The Central Bank of Turkey’s chunky 300bp rate hike last week, and pledge to use only its one week repo rate as the nut with which to adjust monetary policy, certainly stemmed the fall of the lira, but left it range bound in a limbo state — with investors uncertain as to where things would go next.
It was not until deputy prime minister Mehmet Simsek and central bank governor Murat Cetinkaya came to London this week that the lira regained value against the dollar, suggesting that like the rest of us at a point of crisis, what investors wanted most was the human touch.
Simsek and Cetinkaya met more than 100 investors in a 13 hour long series of back-to-back meetings. That certainly showed commitment. As regular commentator and BlueBay economist Timothy Ash wrote on Twitter, it “shows the impact of coming to London and giving institutional investors a bit of TLC, as opposed to a total kicking”.

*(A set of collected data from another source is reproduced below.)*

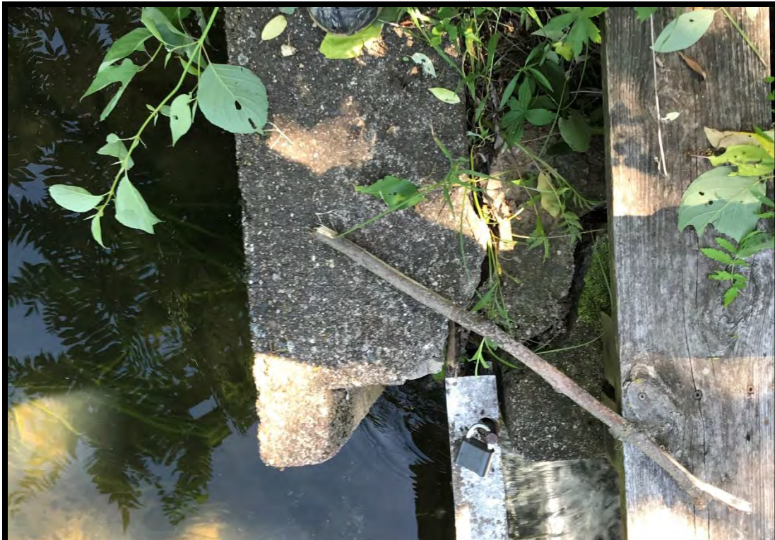
Significant Cracks and Concrete Deterioration at Left Abutment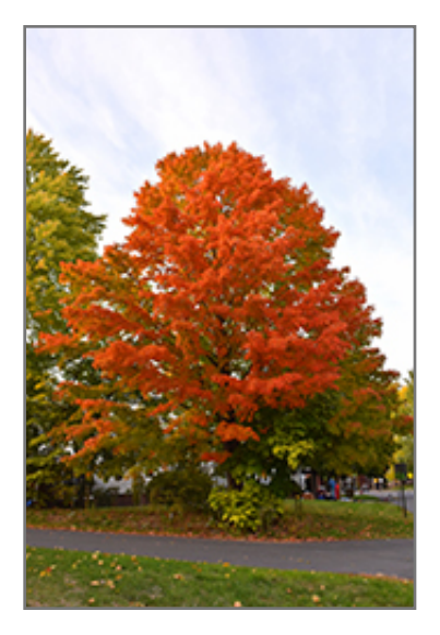
Oregon Trail Sugar Maple in fall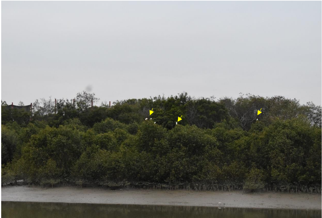
Appendix O.2.2b: Active night roost on Sonneratia apetala and S. caseolaris mangrove roosting substrate located northeast of the Project boundary observed on 18 February 2022 around 18:03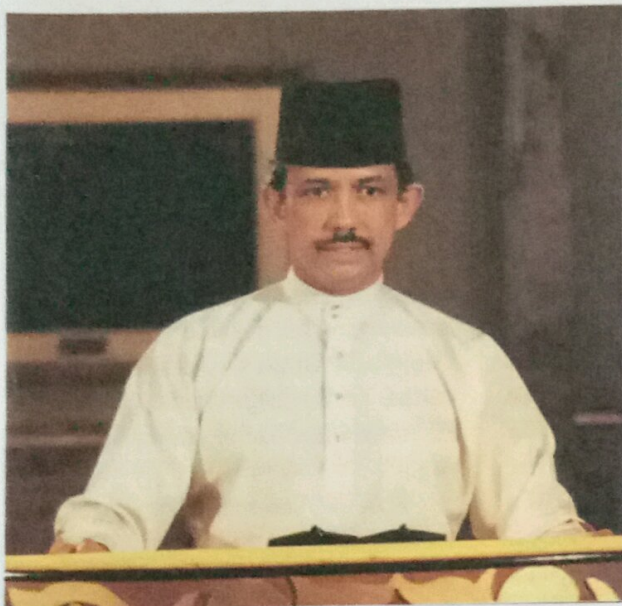
Delivering his titah in conjunction with the new year 1414 of the Muslim calendar, His Majesty Paduka Seri Baginda Sultan Haji Hassanal Bolkiah Mu'izzaddin Waddaulah, Sultan and Yang Di-Pertuan of Brunei Darussalam spoke, among other things, of numerous upheavals currently afflicting the Muslim world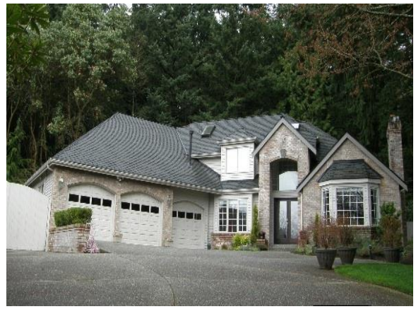
Grade 10/ Year Built 1992/ Total Living Area 3,360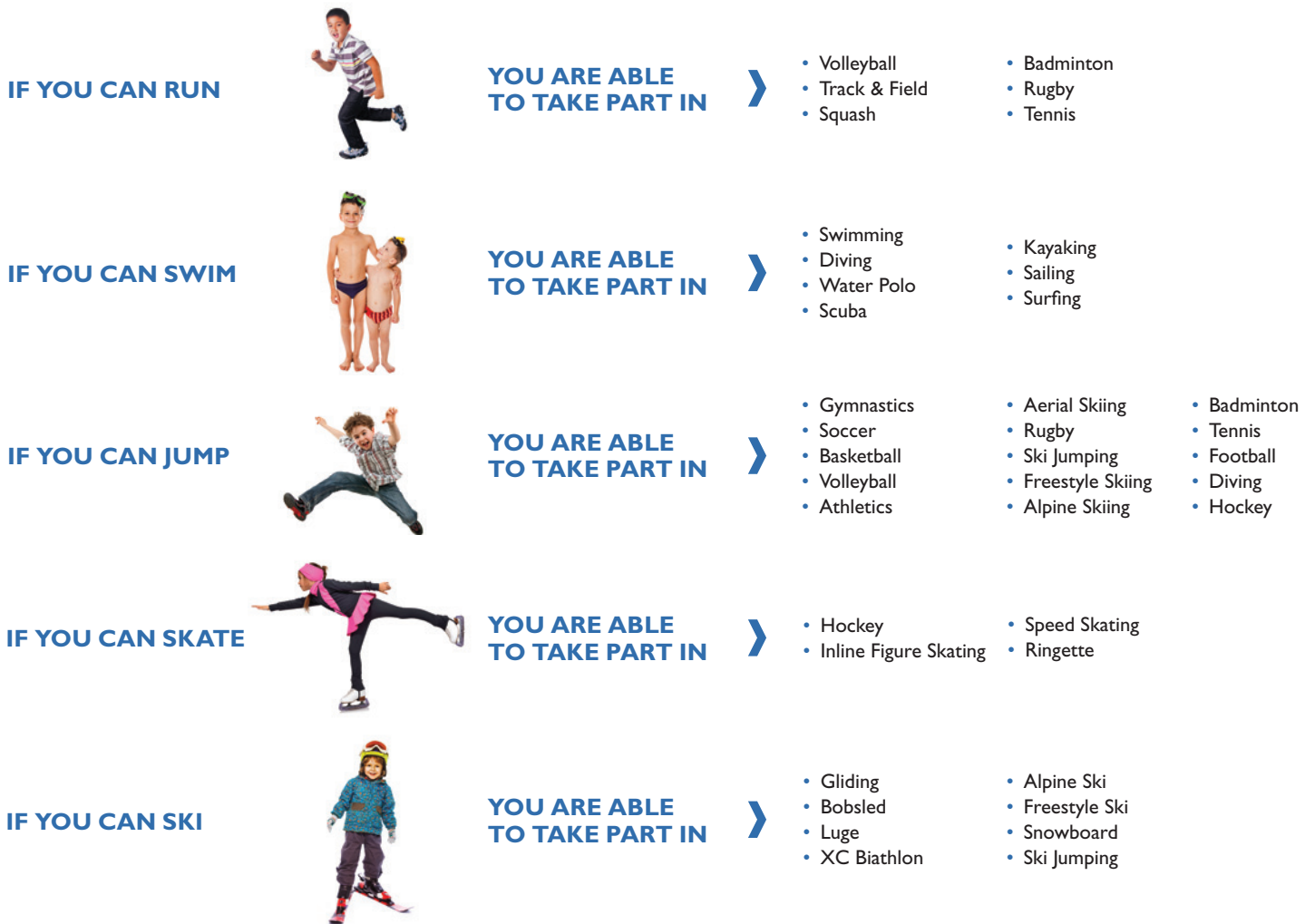
Figure 1. Transition of Fundamental Movement Skills to Fundamental Sport Skills, inspired by authors of Canadian Sport for Life

To become physically literate, a person must have proficiency in all three elements (ability, confidence, and desire) of this definition from the Aspen Institute. Additionally, communities must provide environments and organizations that allow physical literacy to occur naturally. With rising concerns over reduced activity levels, lack of affordable and accessible sport and recreation opportunities, and the overly competitive focus of youth sport programs, conversations on the national level need local, evidence-based examples of how physical literacy can find success in addressing the general health of our population.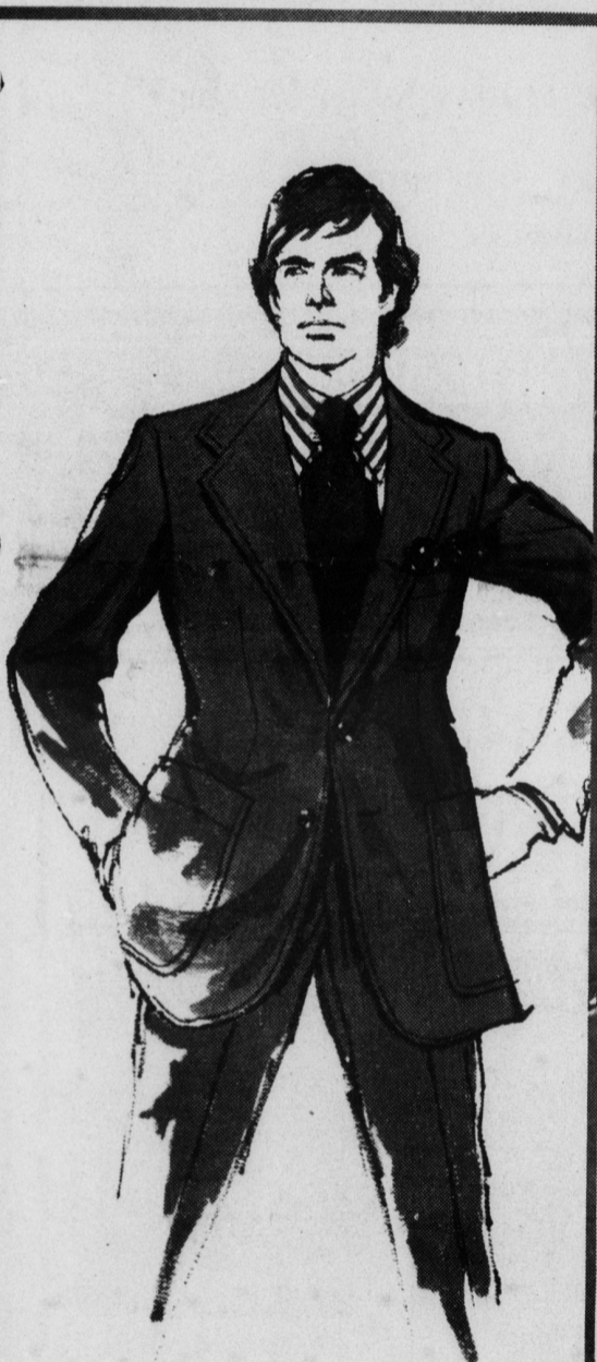
Right anytime: our versatile Texturized Navy Suit by Hart Schaffner & Marx

Investors were happy to bask in the warm glow of face-to-face contact as the pair talked up Turkey’s reform agenda, judicial and labour market reforms, as well as reassuring the buy side that rates could go up again, should the May inflation numbers show noticeable acceleration.
The lira appreciated 9% against the dollar this week, dragging equity and local bond prices with it. And while the CBRT’s response clearly stopped the rot, investors took the greatest comfort in the hands-on approach of the country’s policy makers.